BishopAccountability.org

Synod. The German Bishops Are Putting the Cart Before the Horse

By Sandro Magister
Chiesa
May 6, 2015

http://chiesa.espresso.repubblica.it/articolo/1351043?eng=y


The responses of the episcopal conference to the presynodal questionnaire describe what is already being done in Germany: communion for the divorced and remarried, tolerance for second marriages, approval of homosexual unions ROME, May 6, 2015 – To judge by the latest product of the German episcopal conference, the synod on the family scheduled for October 4-25 could turn out to be a wasted effort.

Cardinal Reinhard Marx (in the photo), archbishop of Munich and president of the episcopal conference, had made this clear last February 25 with a remark that made its way around the world:

“We are not a subsidiary of Rome. Every episcopal conference is responsible for pastoral care in its own cultural context, and must preach the Gospel in its own original way. We cannot wait for a synod to tell us how we must shape the pastoral care of marriage and the family.”

But now it is Germany’s episcopal conference itself that has set this same concept down in black and white, in its official response - after consulting the “people of God” - to the preparatory questionnaire sent out from Rome in view of the next session of the synod.

When it comes to the question on “how to promote the determination of pastoral guidelines on the level of particular Churches,” the German bishops in fact write:

"Referring to social and cultural differences, some of the responses favour regional agreements on pastoral guidelines at local church level. The basis could also be formed by diocesan discussion processes on the topic of marriage and the family the outcome of which would be discussed with other local churches. This would be conditional on all concerned being willing to engage in a dialogue."

The formulation is a bit contorted, but the facts speak for themselves. In almost all the dioceses of Germany, sacramental absolution and Eucharistic communion are given to the divorced and remarried, as already made clear by a previous document from the German episcopal conference, approved on June 24, 2014 and proudly exhibited in Rome at last October’s session of the synod on the family:

> Theologically responsible, pastorally appropriate ways of assisting remarried divorcees

This document can be read in its entirety on the website of Germany’s episcopal conference, not only in the original German but in Italian, English, French, and Spanish, proof of the intentions of this episcopate to teach a lesson to the whole world.

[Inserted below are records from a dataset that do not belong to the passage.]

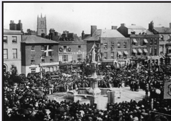
The fountain was built on 16 September 1879 amidst great celebrations

However, not all had gone well in the run up to the unveiling. Water refused to run through the fountain properly. It was the first use of mains water in the town and the pressure proved too strong for the fountain's plumbing. Instead of running neatly from the spouts into the bowl and then filling the large basin below it overshot them both and splashed onto the road! When the pressure was reduced water just dribbled miserably over the rim and down the central columns. A temporary solution was found just in time: rose attachments were fitted to the top spouts causing the water to spray upwards and so fall back neatly into the bowls
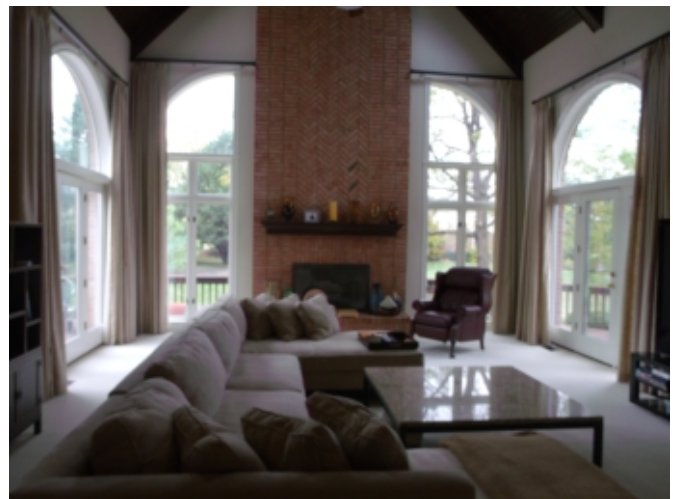
Gorgeous living area

family's favorite room in the house, likely because the warmth that beams in from outside is akin to the joy they receive from giving back to the community.
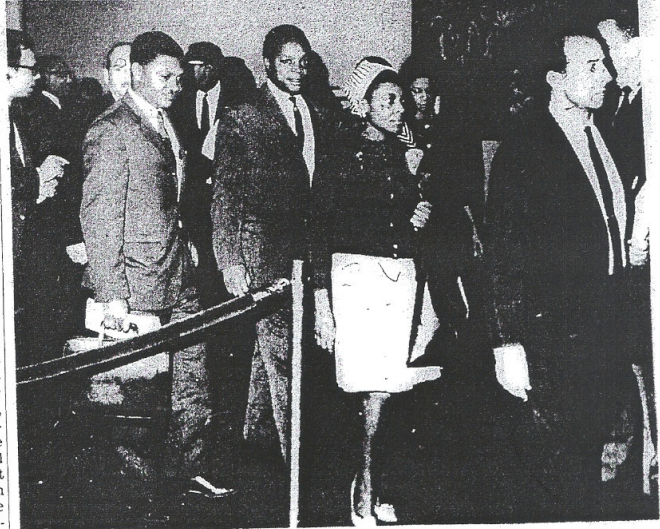
AFRICAN DELEGATES walk out of the United Nations General Assembly during speech by British Prime Minister Harold Wilson, whose hypocritical policies permitted Rhodesia's white supremacy regime to declare unilateral independence which terminated chances of

black Rhodesians to have representative government. Most of African delegations walked out during the speech, refusing to listen to Wilson's two-faced appeal for support of British policy on Rhodesia.
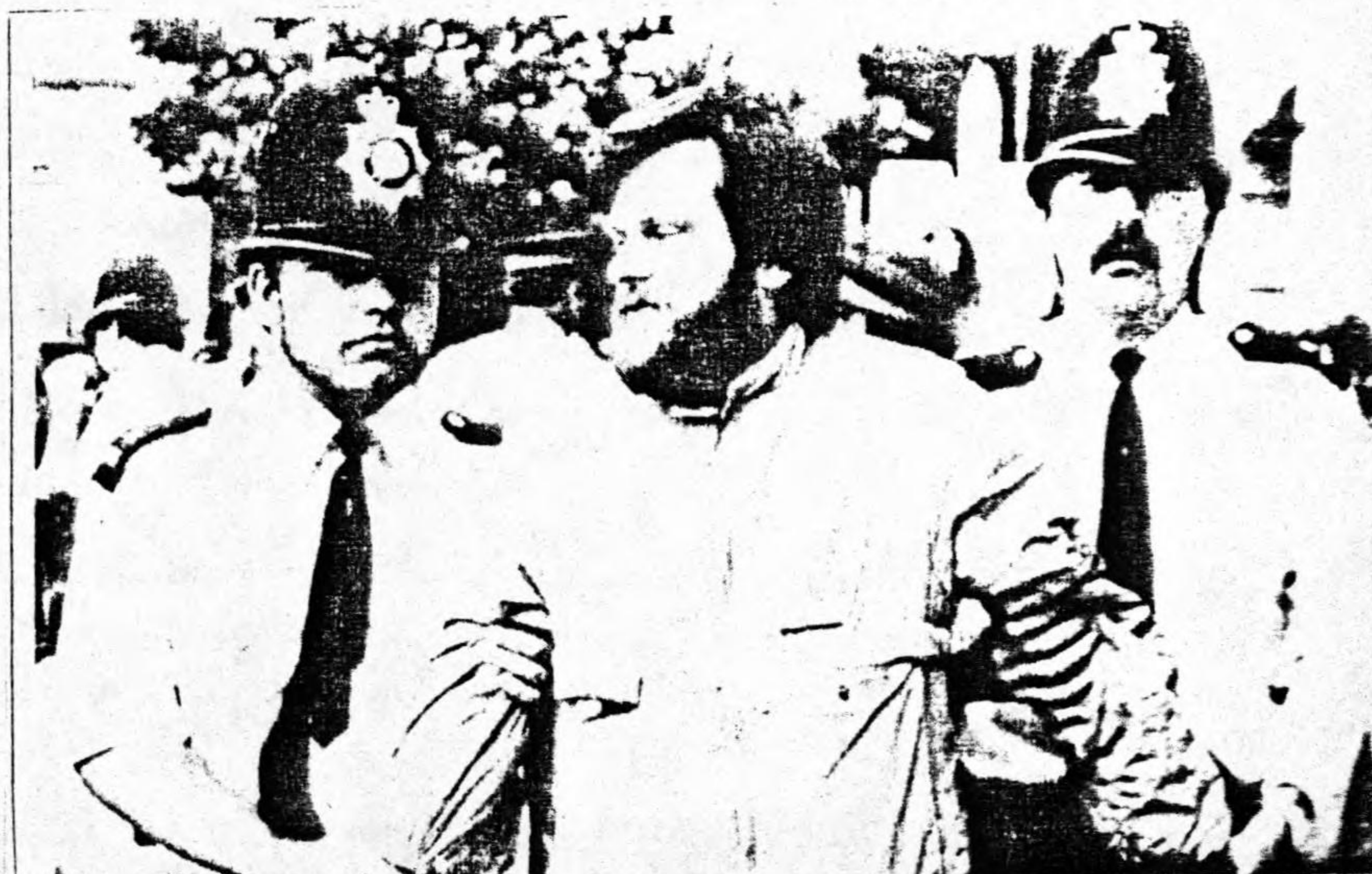
The South African embassy in London last night: police move in to arrest one of those who joined a mass picket protest against the apartheid regime's terror
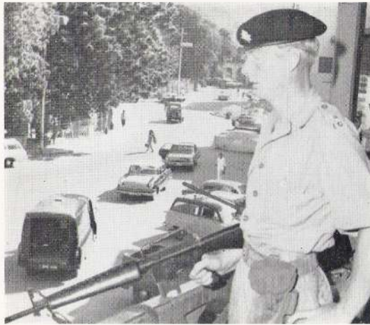
Irish Guardsman manning an observation post in the Crescent, Steamer Point, Aden.
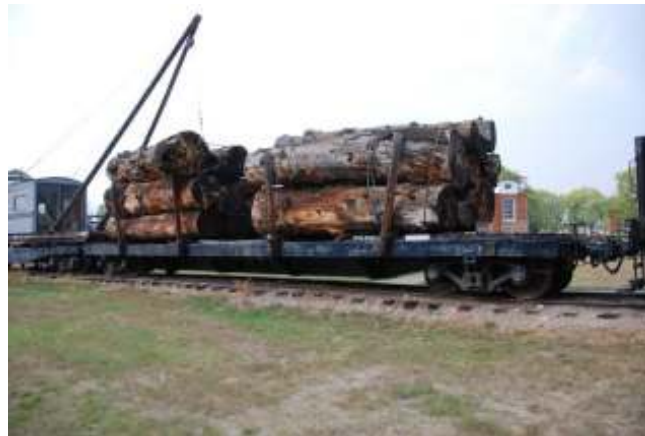
Log load on modified flat car

If travelling through Montana Missoula is well worth the stop as it is quite a large town with plenty of restaurants etc.
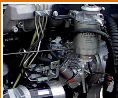
4 Cylinder Toyota Engine
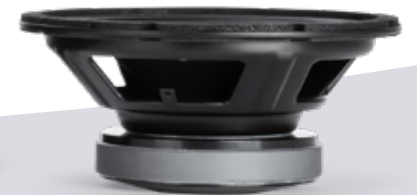
High-Power 10" Woofer 2.5" Voice Coil
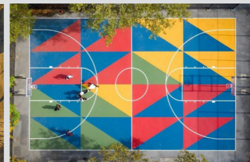
IMAGE: Harlem NY, artist Faith Ringgold, Project Blackboard
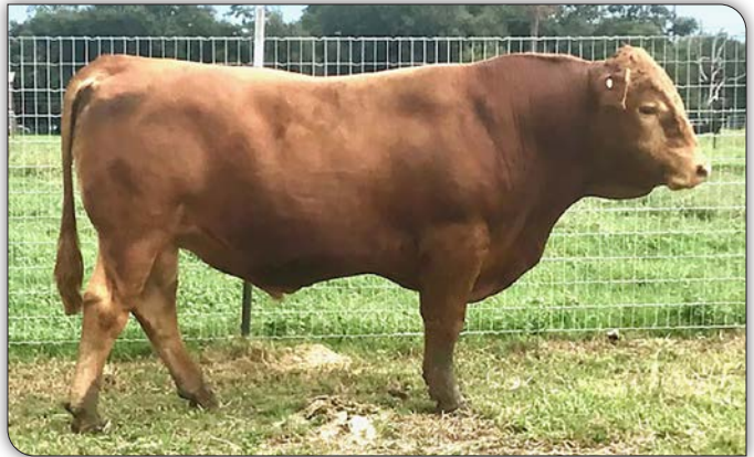
STRICKLAND SECRET AGENT - Lot 40

1/2 SM 1/2 AN, Black, Homo Polled Growth bull with carcass. High Road grandson out of a Sitz Upward daughter. Top 2% REA; 3% CW; 20% WW, YW. CONSIGNED BY STRICKLAND CATTLE
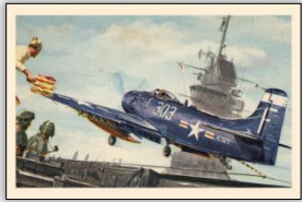
Typical Card Front

Set Title: ..... Historic Collectors' Cards – 50 th Anniversary of Naval Flight Issued by: ..... Revell, Inc., Venice, California, USA American Card Catalog Number: ..... UM26-6 Year issued: ..... 1960 Packaged with: ..... Revell's "Famous Artist Series" Number of cards: ..... 24+1 error card Numbering: ..... 1 to 24 on reverse Card dimensions (nominal): ..... 3.89 x 2.58 inches (98.89 x 65.53 mm)
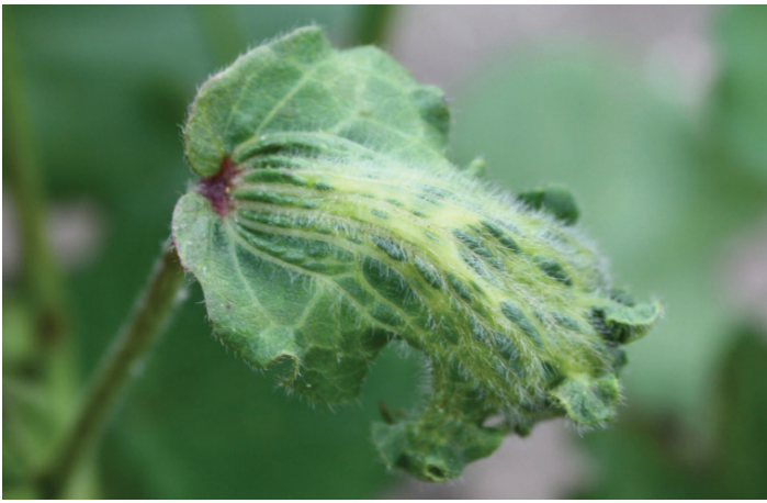
Figure 11. Dicamba injury from a postemergence application. Note the malformed veins and leaf strapping.
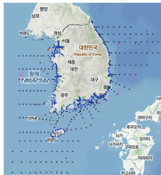
Fig. 3.2. Map showing the locations covered by the Korea Marine Environmental Monitoring Network (MEM-Net)
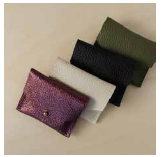
Jewellery Pouch LSLEBER / LSLECRM / LSLEBLK / LSLECLV

Soft Italian leather pouches, available in two collections, the first inspired by the colours in our autumnal hedgerows, the other inspired by the summer shoreline. Choose from Cream, Black, Olive, Metallic Berry, Metallic Navy, Metallic Diamond Blue, Seaglass and Powder Blue.
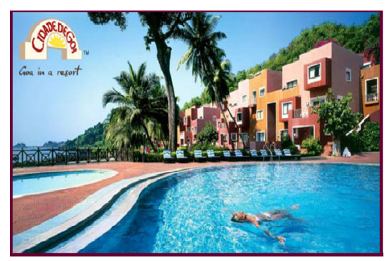
Two views of the Hotel Cidade de Goa, the venue of PPS-25, right on the beach overlooking Goa Bay.
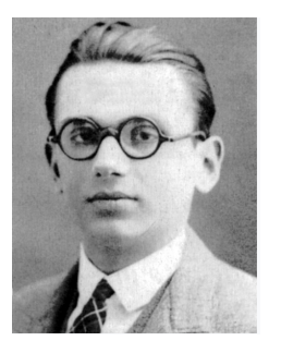
Figure: Kurt Gödel
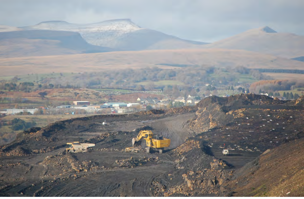
Figure 1: Ffos-y-Frân opencast coal mine with Brecon Beacons National Park in the background.

through the South Wales valleys, especially in the deprived communities of Merthyr Tydfil and Rhymney. The experiences of such marginalized communities must be made public. In this undertaking, we take seriously Jasanoff's challenge to the interpretive social sciences to foster more complex communal, political, spatial, and temporal understandings around climate change (Jasanoff, 2010).
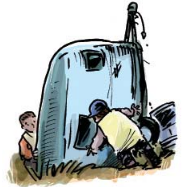
3. Peek in to check horses
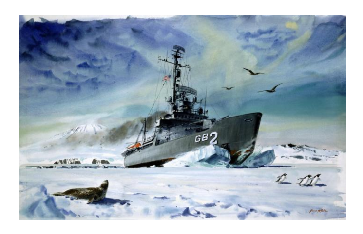
13 x 19 inches

And the same multilingual treatment has been adopted for the responses to the presynodal questionnaire, made public in recent days:

> The Vocation and Mission of the Family in the Church and Contemporary World. Response by the German Bishops’ Conference

Below is reproduced the section of the document with the responses to the most controversial points of the questionnaire: the divorced and remarried, mixed marriages, homosexuals.

Not only do the German bishops approve of giving absolution and communion to the divorced and remarried, but they also express the hope that civil second marriages be blessed in church, that Eucharistic communion also be given to non-Catholic spouses, that the goodness of homosexual relationships and same-sex unions be recognized.

They write that they do not intend in the least to bring into question the doctrine of the universal Church relative to marriage and family. But they do not explain how to reconcile this doctrine “cum Petro e sub Petro” with the pastoral practices that they have implemented in Germany.

In the judgment of Cardinal Gerhard Müller, in fact, such a reconciliation is impossible. On the contrary, “the idea that the episcopal conferences are a magisterium apart from the Magisterium, without the pope and without communion with all the bishops, is a profoundly anti-Catholic idea that does not respect the catholicity of the Church”:

> Bishops conferences are not the Magisterium, Vatican doctrine chief reminds Cardinal Marx

Müller is German, but in Germany they see him more as “Roman” than as one of them, in that he is prefect of the congregation for the doctrine of the faith.

Another cardinal seen as more Roman than German is Paul Cordes, president emeritus of Cor Unum. He too has criticized his countrymen bishops, who presume to teach a lesson to the world even though they are at the head of a Church in disrepair, where many priests neither pray nor go to confession, two thirds of the faithful do not believe in the resurrection of Jesus, and only 16 percent of Catholics have faith in a God who is a person and not a vague entity:

> German prelate breaks rank with Cardinal Marx, insists on fidelity to Rome

Here is a link to the document released by Rome in view of the next session of the synod of bishops:

> Sinodo dei Vescovi - "Lineamenta" per la XIV Assemblea Generale Ordinaria

The “lineamenta” include the final relation of last October’s synod and a questionnaire for delving into it: this is the one to which the German bishops have responded.